Помню один такой случай. Бригадир наш, молодой парень Ткаченко Василий, работавший в аэропорту то ли техником, то ли еще кем, "болтун", как и все мы, на тре-

 

- 240 -

тий день такой работы предложил заказать через шоферов, возивших наши бревна, водки. Я согласился, чтоб не обидеть его. Сложились, заказали бутылку водки на четверых-пятерых. Когда же шофер привез, встал вопрос, как же распить ее, чтоб не заметили ни конвойные, ни тем более другие заключенные, которые из зависти могли шепнуть конвоирам или надзирателям. Тогда самое малое "кондей", то есть карцер, обеспечен.

Ткаченко, как бригадир и инициатор, решил: "во время обеда". Вот и настало время обеда. В маленьком тепляке, сколоченном из толстых досок для сугрева и обеда, все сгрудились вокруг железной печки, а мы, "водочные", устроились в углу. Ткаченко отправился за припрятанной бутылкой — а ее давным-давно и след простыл! Я просто диву давался, когда, как и кто мог незаметно вытащить ее, вроде все на виду были. И как пронюхали-то! А ведь все свои, все соседи по бараку. Вот совесть!

Никак не получалось, что укравшие успели выпить водку. Да и спрятать куда-то далеко не могли — кругом караульные. Молодой энергичный Ткаченко бросился на поиски, видать, загорелось очень выпить. Я вскоре отказался от поисков. Остальные тоже больше делали вид, что ищут, вяло попинывали снег. Один Ткаченко упорно рыскал в тепляке, между бревнами. А ведь нашел-таки в снегу за тепляком. Разлили по кружкам, выпили.

К концу трапезы началась разборка: кто же все-таки украл бутылку.

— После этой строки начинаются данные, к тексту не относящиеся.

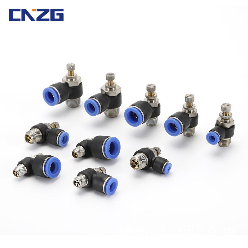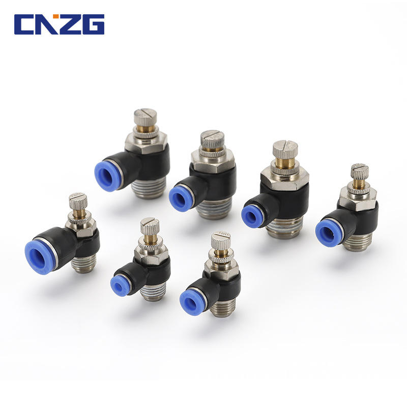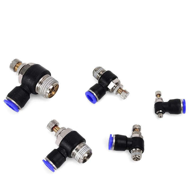 วาล์วควบคุมลมแบบ SL Pneumatics แบบเชื่อมต่อเร็ว สำหรับควบคุมความเร็วกระบอกสูบ วาล์วควบคุมความเร็ว ข้อต่อท่อ และสายลม

Видимо, водка ударила в голову давно не пивших людей. Обвинение все больше склонялось к Николе Татаринову — с большим сроком за спиной, вороватыми руками и развязным языком. Но тут нашлись ему защитники. Видать, вор тоже был не один. Начался спор, мат все сгущался. Ткаченко вскочил с криком: "Татарин, такой-сякой!" - пнул Татаринова в живот. Заступаясь за того, старший Прищыч схватил огромную железную кувалду. Из нашего круга вскочил молодой парень, когда-то объездивший всю Европу, вплоть до Италии, на велосипеде. В тепляке произошло разделение на два лагеря, назревала драка. Но вмешалась непричастная сторона, ссора быстро угасла.

С тех пор ни разу больше даже не пытались достать водку. А я подумал — будь водки много, непременно случилась бы беда, зарекся больше участвовать в таких делах. В тюрьме что угодно может случиться с человеком по не зависимым от него обстоятельствам, из-за пустяков.